Scenario Settings#
The Getting Started guide includes several example scenarios. Here we define all of the settings that may be defined in a scenario file. Scenarios are defined in TOML files. TOML is a simple, easy to read configuration file format, similar to JSON and YAML.
There are three kinds of settings:
Those that have default values (marked default) and only need to be defined if a non-default value is desired;
Those that are automatically defined (marked automatically defined) and cannot be overridden; and
Settings for which a value must be provided.
Core components#
Each of the following components must be defined for each scenario.
components.model
The simulation model; see
pypfilt.model.Model
.components.time
The simulation time scale; see
pypfilt.time
for available time scales.components.sampler
The prior distribution sampler; see
pypfilt.sampler
for available samplers.components.summary
The component that saves summary statistics and other outputs; see
pypfilt.summary.HDF5
.
Input and output files#
Input and output files can be stored in separate directories, and cache files can either be retained for future forecasts or deleted.
files.input_directory
The directory that contains input data files, such as lookup tables and observations.
files.output_directory
The directory in which the simulation results will be saved.
files.temp_directory
default:tempfile.gettempdir()
The directory in which temporary files, such as cache files, will be saved.
files.cache_file
default:None
The file used to store particle filter states between forecast simulations.
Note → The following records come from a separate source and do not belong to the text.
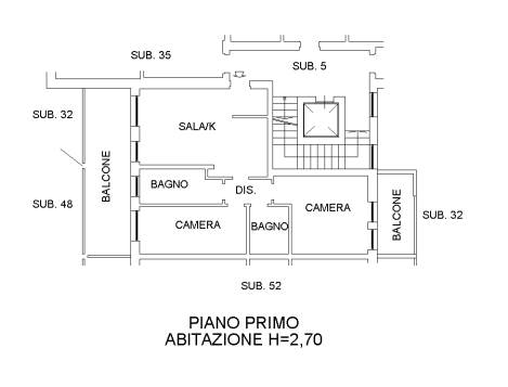 Appartamento trilocale di 75mq sito al piano primo con ascensore, composto da ingresso su soggiorno con angolo cottura, due bagni, due camere da letto e due balconi.
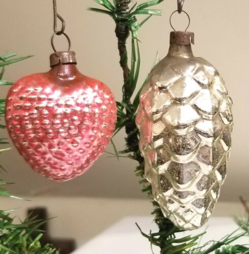 Title (ebay affiliate link): Miniature Pebbled Red Heart. Silver Pinecone. Two 1920s German Ornaments.
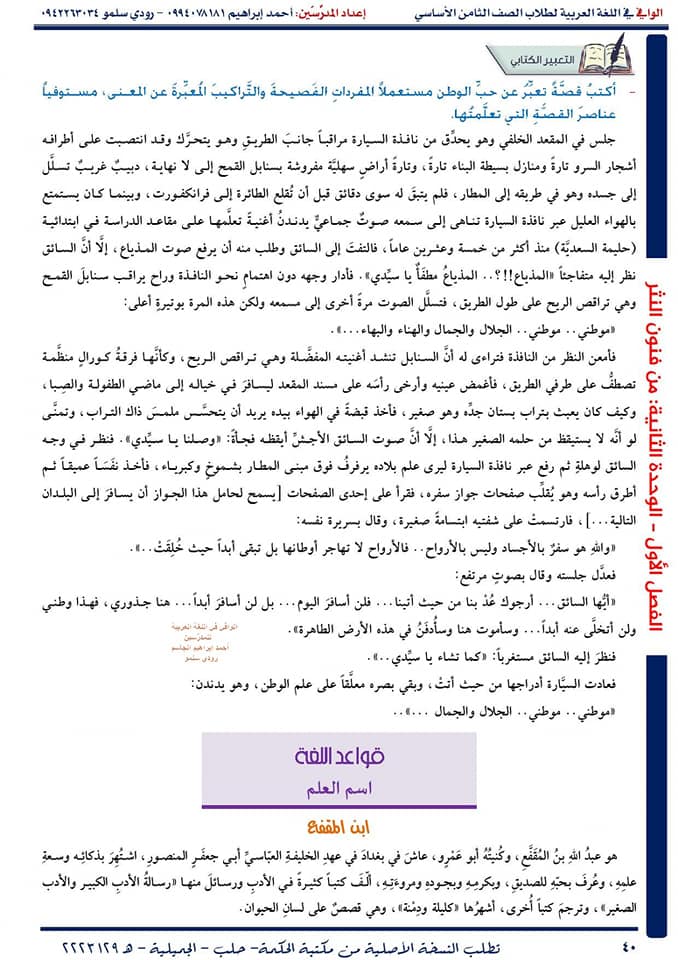 الصف الثامن الوحدة الثانية عنوان الدرس التعبير الكتابي وقواعد اللغة اسم العلم
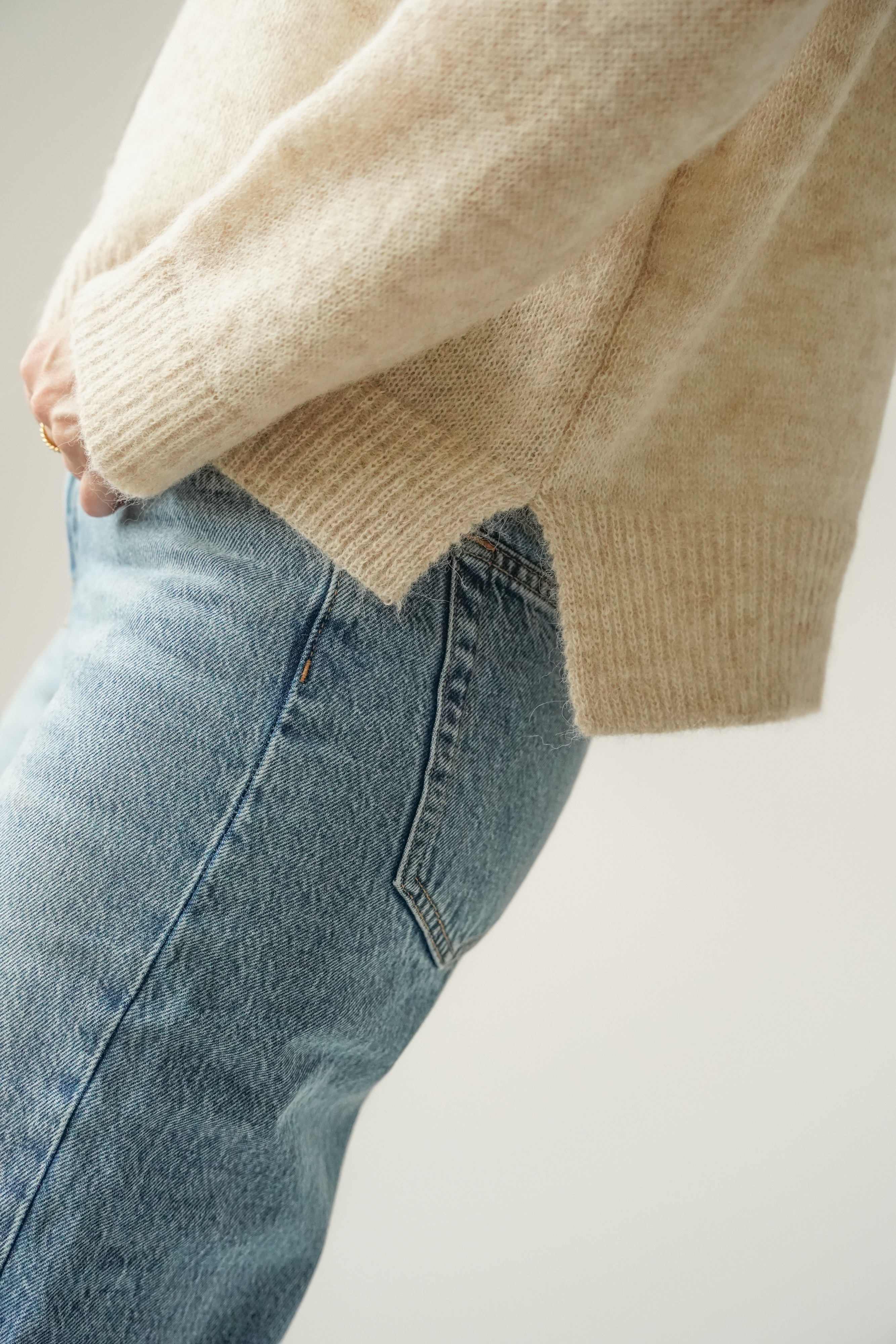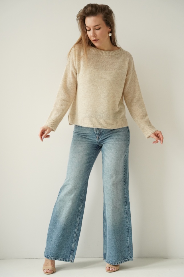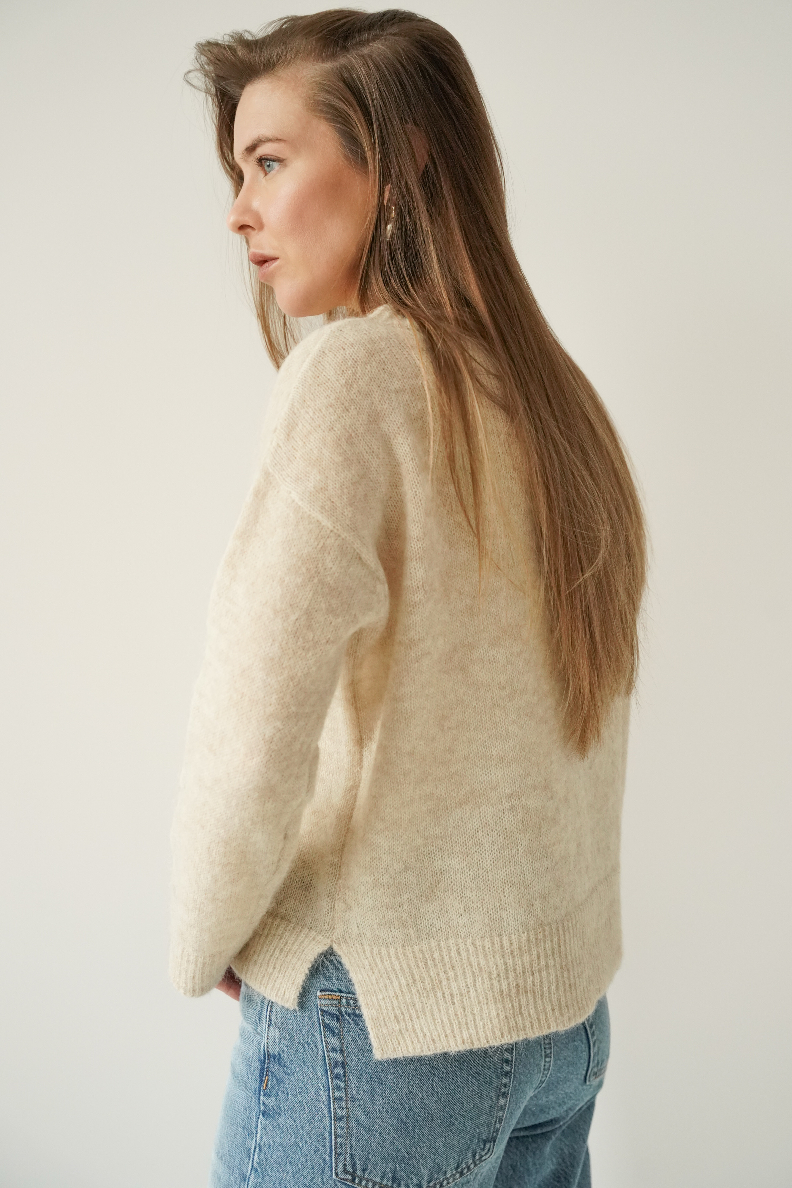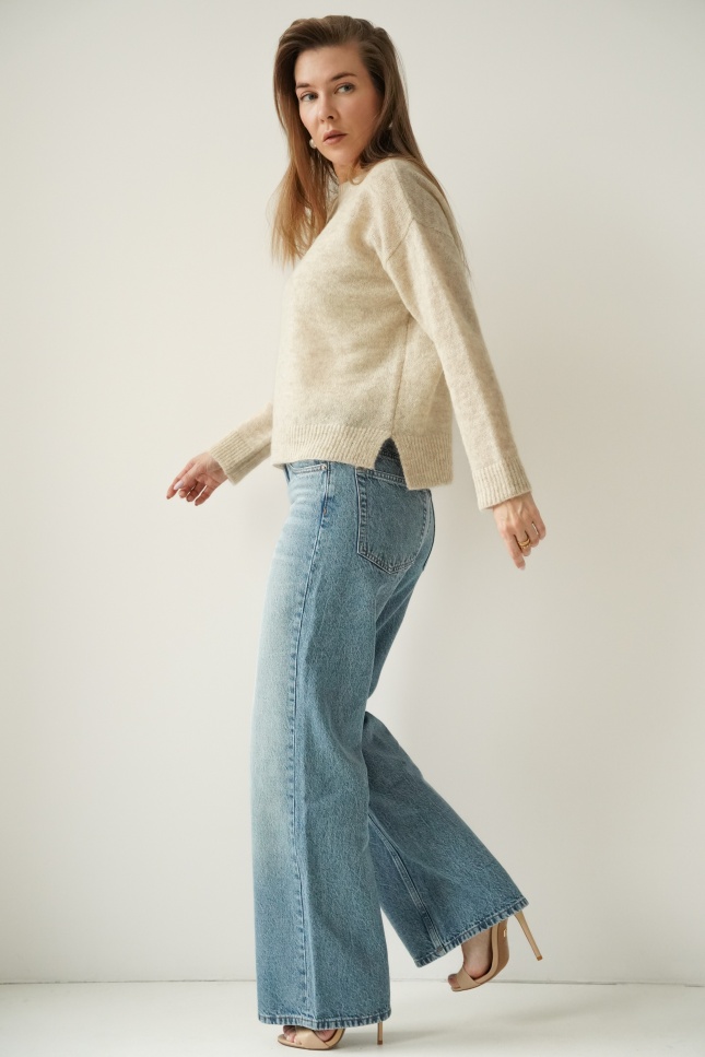 ELARA to elegancki, luźny sweter wykonany ze szlachetnej przędzy zawierającej 62% baby alpaki i 20% alpaki superfine. Lekki, puszysty i oddychający, idealny na sezon wiosna–lato. Pastelowe odcienie i ponadczasowy fason sprawiają, że doskonale wpisuje się w nowoczesną garderobę kapsułową.

See Caching particle states for details.
files.delete_cache_file_before_forecast
default:False
Whether to delete cached particle filter states (if any) before running forecast simulations; this only affects
pypfilt.forecast()
.files.delete_cache_file_after_forecast
default:False
Whether to delete cached particle filter states (if any) after running forecast simulations; this only affects
pypfilt.forecast()
.
Particle filter settings#
The following settings affect the behaviour of the particle filter itself.
filter.particles
The number of particles (i.e., model simulations).
filter.prng_seed
The seed for the various pseudo-random number generators, which are used to draw samples from the model prior distribution, to resample the particle ensemble, for use by stochastic simulation models, etc.
filter.history_window
The minimum number of time units that must be stored in the particle history matrix. For example, if an observation model describes the change in model state over two time units, the history window should be at least
2
. Set this to-1
to store the entire simulation period in the particle history matrix.filter.minimal_estimation_run
default:True
When generating forecasts with
pypfilt.forecast()
, whether to end the estimation pass at the final forecasting date, rather than continuing to end of the simulation period.filter.results.save_history
default:False
Whether to return the particle history matrix for each estimation and forecasting pass.
Note
Setting this to
True
can substantially increase memory usage when performing large numbers of estimation and/or forecasting passes.filter.reweight_or_fail
default:False
Whether to raise an exception and terminate the simulation if the updated particle weights sum to zero. By default, when the updated particle weights sum to zero, their previous weights will be used instead — effectively ignoring problematic observations.
filter.reweight.enabled
default:True
Whether to update particle weights in response to observations.
filter.reweight.exponent
automatically definedAn exponent to apply to observation likelihoods; should only take values between 0 and 1 (inclusive).
filter.resample.enabled
default:True
Whether to resample particles.
filter.resample.method
default:'deterministic'
The method to use when resampling the particle ensemble; see
pypfilt.resample.resample()
.filter.resample.threshold
default:0.25
The resampling threshold; when the effective number of particles (normalised to the unit interval) drops below this threshold, the particles will be resampled.
filter.resample.before_forecasting
default:False
Whether to resample the particles before each forecasting pass. Note that if the particle weights are already uniform, they will not be resampled.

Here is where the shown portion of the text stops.